Through several nights of undetected effort, the climbers, Jim Thornburg and Scott Frye, embellished the highway’s partitions with bulges, depressions, indentations, and protruding chips—an urban simulation of mountainside cliffs. With their ingenuity, East Bay guerilla attitude, and some very strong adhesive, Thornburg and Frye transformed these highway pillars into the first artificial climbing wall in the United States.
So begins High Drama: The Rise, Fall, and Rebirth of Competition Climbing, John Burgman’s new chronicle of a sport that became some people’s obsession. The author is a former Climbing magazine editor, and the book’s slightly intimidating 400 pages recount how climbing has evolved from a passion of dirtbags to an Olympic sport in just a few decades.

Burgman says he was inspired to write a history of competition climbing after he searched for one in 2014 and only found bullet points on USA Climbing’s Wikipedia page. He spent five years researching and reporting High Drama.

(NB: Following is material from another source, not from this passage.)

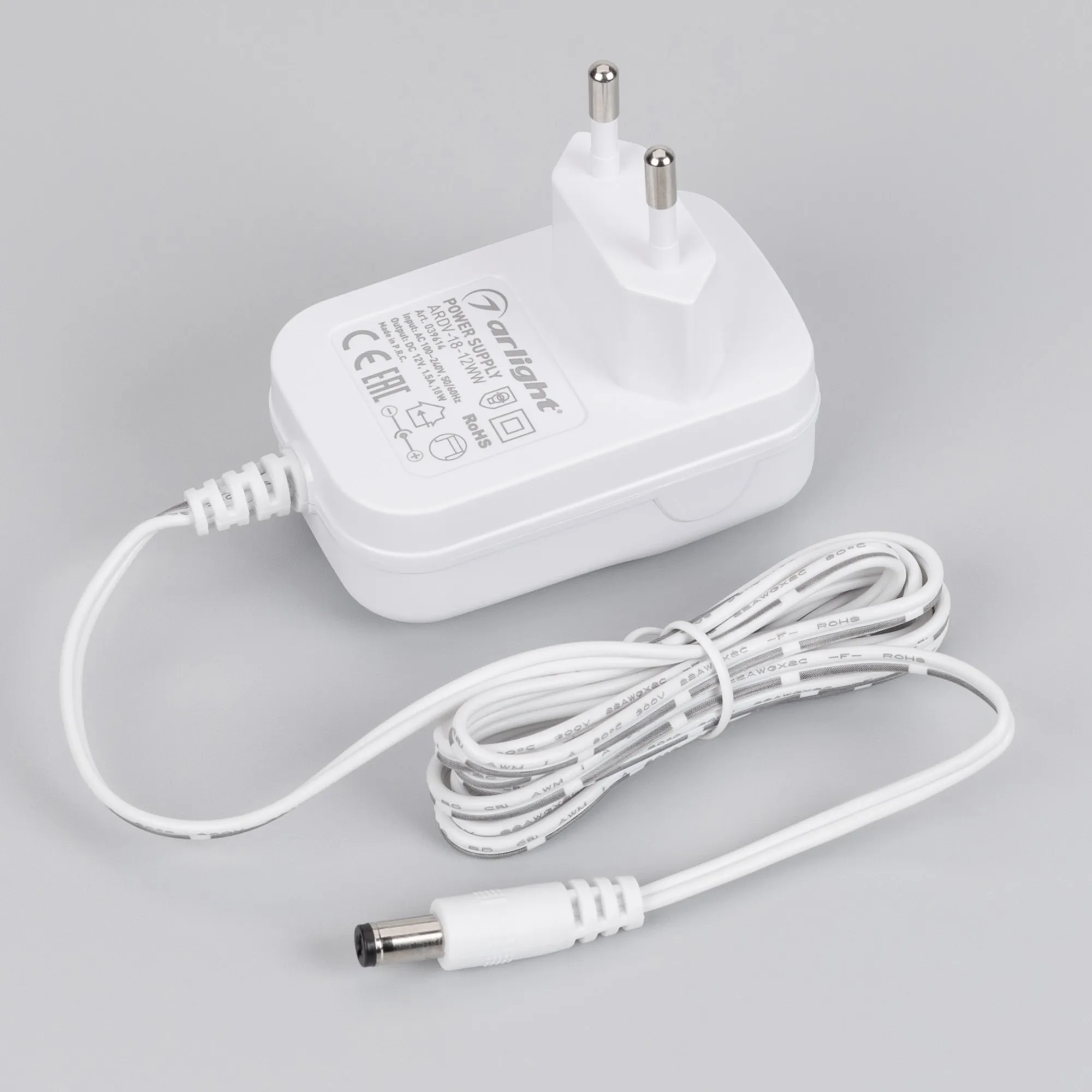 Сетевой адаптер с гальванической развязкой для светодиодных лент 12 В (белый корпус). Мощность 18 Вт. Вход:100-240VAC, Выход: DC12V 1.5A, длина кабеля 1.5 м., коннектор 5.5x2.1x10мм. Размер 69x43x28 мм (размер без вилки). Гарантия 3 года.

The indoor climbing industry now boasts more than 600 gyms and about 7.7 million participants in the United States—a shocking ascent for a once niche sport. Burgman’s book comes at the right time: as fans anticipate climbing’s Olympic debut in Tokyo next year, there is excitement as well as a need to reexamine climbing’s evolution. After all, the sport’s grassroots origins might seem to clash with rapid commercial growth and arenas like the Olympics.
It’s clear where Burgman stands: he’s an advocate for the sport’s mainstream acceptance as well as a historian and a believer in presenting climbing as a significant athletic progression and not merely a trend borne of rebellious passion.
“I write about competition climbing the same way I would write about pro basketball or pro baseball,” he says. He builds his case not through arguments but by rich descriptions of noteworthy athletic feats. Some, like Ashima Shiraishi’s effort to spring for an overhanging handhold during the 2018 Bouldering Nationals, are displays of Burgman’s able sportswriting: “She tried doggedly to lunge for one of the handholds above the lip … she hung in a horizontal position to recompose herself,” he writes. “If she grasped it, she would be on her way to her first national championship.”

Burgman clearly wants readers to understand the dedication and effort that many have poured into climbing since its start. “There has to be a lot of blood, sweat, and tears from different people through a lot of years to bring the sport to the prominence of the Olympics,” he says.
What will happen to climbing after the sport makes its debut next summer at the Olympics? Will millions more people hang out at climbing gyms around the world on weekday nights (once that’s allowed again)? Will sponsorships become the new normal for professional competitors? We don’t know those answers yet. But there’s no better time to pick up Burgman’s history of climbing and its plucky athletes. As gyms stay closed during the pandemic, his book is the next best way to stay immersed in the popular pastime.